ASPEN computer simulation cases involving methanol, ethanol and propanol recycle have been completed. The results indicate that the yield of higher alcohols increased slightly until the quantity of recycled lower alcohol equaled the amount of that alcohol produced (i.e. when there is no net formation of the recycled alcohol). Above this point, no change in higher alcohol yield was observed. All cases were based on a 2/1 H2/CO feed ratio at 70 atm and 275°C. ASPEN PLUS simulations of the thermodynamics of higher alcohol synthesis were carried out based on non-ideal, equation-of-state models. The models used were the Peng-Robinson and the Redlich-Kwong-Aspen equations of state. The results of these simulations indicate very little difference between the results obtained with the ideal fluid model and the non-ideal models. No significant changes were found in reactant conversion, product distribution or product yield. All laboratory renovations are now complete.

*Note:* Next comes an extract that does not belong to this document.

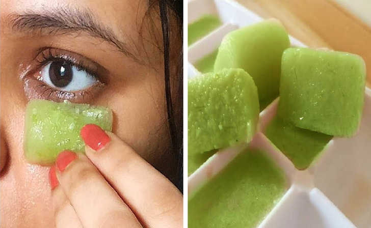 Овоч треба очистити і нарізати на шматочки, потім закинути в блендер, додати ложку води і гарненько збити. Отриману суміш вилийте у форму для льоду і відправте в морозильну камеру приблизно на 4-5 годин. Згодом потрібно взяти заморожений кубик і помасажувати ним особа, особливо область під очима, якщо вам потрібно позбутися від темних кіл і набряків. Інструкцію можна подивитися на відео за посиланням.

A series of experiments in which the stirrer speed was varied during a methanol synthesis run with BASF S3-86 catalyst showed that mass transfer limitations were present at 750 psig reactor pressure and at space velocities of 5000 and 10000 sl/kg(cat.)-hr. There was no effect of stirrer speed on reaction rate at 2500 psig reactor pressure and 16500 sl/kg(cat.)-hr. space velocity. However, this was probably due to a close approach to equilibrium rather than to the lack of a mass transfer effect. The most plausible explanation for the presence of a mass transfer influence is the position of the gas feed dip tube relative to the agitator impeller. A second set of stirrer speed experiments using the same catalyst showed that feeding into the reactor headspace produced much lower reaction rates, compared with gas feed through a dip tube. The headspace feed also showed a strong dependence on stirrer speed, consistent with the dip tube feed results. In a ''blank' run at 375°C with decahydronaphthalene, about 110 mL of the initial charge of 150 mL remained in the reactor after 73 hours of operation at 375°C and 850 psig of hydrogen. The rate of hydrocarbon evolution was low throughout the run. Decalin is the most stable liquid identified to date. Three stirred autoclave runs with a commercial, high-pressure methanol synthesis catalyst (zinc chromite) slurried in decahydronaphthalene ended son after the initial catalyst reduction due to failures of the liquid return pump in the overhead system. However, the catalyst appeared to be reduced and the liquid appeared to be stable. 4 figs., 1 tab.